Deciphering Drivers of Functional and Phenotypic Changes through Genome-Wide Screen (DRIVE-Genome) to Identify Genes Inducing Genomic Instability in Myeloma

Introduction: Since DNA strand breaks are required for genomic rearrangements, genes involved in DNA breaks can potentially drive genomic instability and clonal evolution. Therefore, we developed a novel genome-wide functional phenotyping screen to identify genes whose modulation impacts DNA breaks in multiple myeloma (MM).

Methods: Myeloma cell lines (JIM3 and U266) were transduced (in triplicate) with a whole genome lentiviral expression library comprised of 17,255 open reading frames (ORFs) representing 12,728 genes. Cells selected in puromycin were cultured and stained using a fluorescently labeled antibody against 𝛄-H2AX, a marker of DNA breaks. Fluorescence-activated cell sorting was used to isolate cells with increased 𝛄-H2AX expression representing presence of damaged DNA; and those cells were sequenced to identify the ORFs associated with increased DNA breaks. Selected genes were further investigated in gain as well as loss of function studies.

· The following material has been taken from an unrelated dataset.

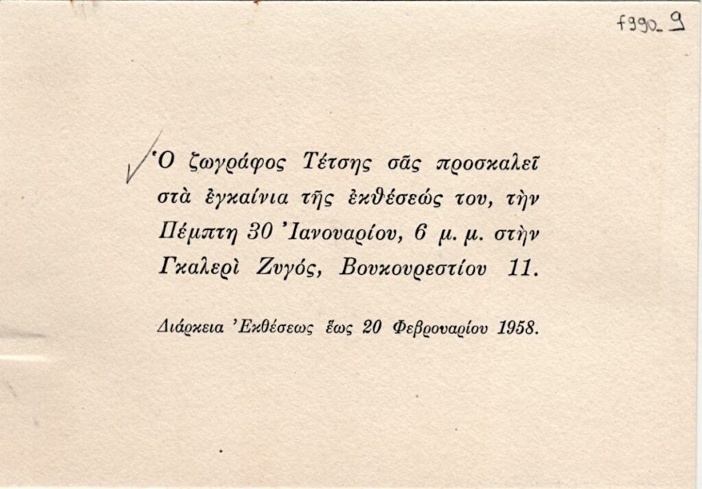 Πρόσκληση εγκαινίων της ατομικής έκθεσης ζωγραφικής του Παναγιώτη Τέτση στην Γκαλερί “Ζυγός” στην Αθήνα.

Results: Genome wide ORF expression screen identified, in JIM3 and U266 MM cell lines, 789 and 302 genes associated with increased DNA breaks, respectively. We further analyzed 226 genes associated with increased DNA breaks that are common in both MM cell lines by functional enrichment analysis and report 6 distinct groups. These included 1) cell cycle cyclin-dependent kinases and phosphatases; 2) serine/threonine-protein kinases including calcium/calmodulin-dependent protein kinases; 3) DNA repair and recombination proteins; 4) cytoskeleton, chromosome maintenance and mitosis/cytokinesis related proteins; 5) monooxygenases involved in metabolic detoxification of xenobiotics; and 6) RNA helicases, and proteins involved in RNA processing, splicing and degradation. We next utilized 2 large datasets to evaluate clinical impact of high expression of these genes on patient outcome in MM. Elevated expression of 20 and 23 of these genes in MM patients conferred poor overall (OS) and event free (EFS) survival, respectively (GSE24080; n=559). In second MM dataset elevated expression of 14 and 8 of these genes correlated with poor OS and EFS, respectively (IFM70; n=170). Overall, the expression of three genes correlated with both the PFS and OS in both datasets. These included; 1) DTYMK; deoxythymidylate kinase; a kinase, regulating nucleotide biosynthesis and contributes to DNA replication and repair; 2) CDC25A; cell division cycle 25A, a phosphatase involved in G1/S progression and whose degradation in response to DNA damage is essential to prevent cells with chromosomal abnormalities from progressing through cell division; and 3) EXO1; Exonuclease 1, a nuclease with roles in DNA repair and replication.

We further functionally validated the role of these select genes for their impact on genomic instability. Overexpression of all three genes (DTYMK, CDC25A and EXO1) in non-cancerous bone marrow stromal (HS5) and/or cancer cells led to increase in genomic instability, as assessed by micronucleus assay, by ∼7-fold, 3.6-fold and > 2-fold respectively. For EXO1 and two other genes also identified in the screen (HDAC8 and TPX2) we have confirmed their role in causing spontaneous and chemotherapy-induced DNA breaks, acquisition of newer genomic changes overtime as well as proliferation of MM and/or other cancer cells. Validation of all identified hits in DNA damage and assays to measure genomic instability is currently in progress.

Conclusion: We report a novel genome wide high throughput screen that can uniquely utilize protein staining properties and FACS to assess impact of individual gene manipulation at functional and phenotypic level. Using this screen, we have identified genes and pathways contributing to increased DNA breaks in MM and their function is further validated in gain and loss-of function studies in spontaneous and chemotherapy-induced DNA breaks, and genomic instability in myeloma cells. These genes have potential to serve as promising new targets to make MM cells genomically static and the functional screen provides a tool to investigate impact of genome wide perturbations on functional and phenotypic changes.